Fleet Health Checks from Your IDE
A technician working in Cursor runs a fleet health check between code changes. Device status, patch compliance, and active alert counts surface directly in the editor. No context switching, no browser tab.
Chain Breeze with Other MCP Servers
MCP clients can connect to multiple servers simultaneously. A workflow might pull an alert from Breeze, create a ticket in a PSA through its MCP server, run a remediation script back through Breeze, and update the ticket with the result — all in a single AI conversation.
Custom AI Workflows
Teams building internal AI tools can use Breeze as the execution authority. The MCP server provides a governed interface that is safer than raw API calls because every action passes through risk classification and tenant isolation before execution.
Step-by-step setup: How to Use Your RMM From Claude Desktop (or Cursor) walks through connecting and running your first queries.
Production Hardening
Breeze provides configuration options for locking down MCP access in production environments.
MCP_REQUIRE_EXECUTE_ADMIN— When enabled, only admin-role API keys can invoke Tier 3 (execute) tools. Prevents standard keys from escalating to high-risk operations.MCP_EXECUTE_TOOL_ALLOWLIST— Restricts which specific tools are available through MCP. Tools not on the list return a denial even if the API key scope would otherwise permit them.- Rate limits — Per-key rate limits apply to MCP connections. Exceeding the limit returns a throttle response with retry timing. Rate limit state is visible in the Risk Engine dashboard.
These controls are configured through environment variables on the Breeze instance.
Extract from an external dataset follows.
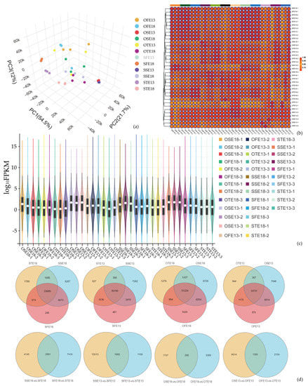 (a) Three-dimensional principal component analysis (PCA) score chart of RNA-seq data for all quality control (QC) samples. (b) Correlation heat map. Pearson’s correlation coefficient (R2) > 0.8 between the three biological replicate samples. (c) Venn diagram of differentially expressed genes (DEGs). Abscissa indicates different samples. Ordinate indicates the logarithmic values of the sample expression FPKM. (d) Venn diagram of differentially expressed genes (DEGs).

See Configuring Breeze AI: The Self-Hoster’s Guide for the full configuration reference.
Learn More
- What Breeze AI Can Do For Your Help Desk — Practical walkthrough of AI-assisted triage and remediation workflows.
- Configuring Breeze AI: The Self-Hoster’s Guide — Full configuration reference including MCP environment variables, risk engine tuning, and API key management.
Capabilities
MCP Protocol Support
SSE transport endpoint lets Claude Desktop, Claude Code, Cursor, Windsurf, and any MCP-compatible host connect to your Breeze instance.
17 Fleet Tools
Device management, alert handling, patch deployment, script execution, reporting, and documentation tools — the same catalog available to the native AI assistant.
Governance Continuity
Every MCP tool call passes through the 4-tier risk engine, RBAC, tenant isolation, and approval workflows before execution.
Scoped API Key Access
API keys are issued with ai:read, ai:write, or ai:execute scopes that control which risk tiers the connected client can reach.
Production Hardening
Tool allowlists, execute-admin requirements, and per-key rate limits lock down MCP access for production environments.
Execution and Denial Audit
Tool calls, denials, and throttle events through MCP are logged identically to native AI assistant actions with full parameter and outcome detail.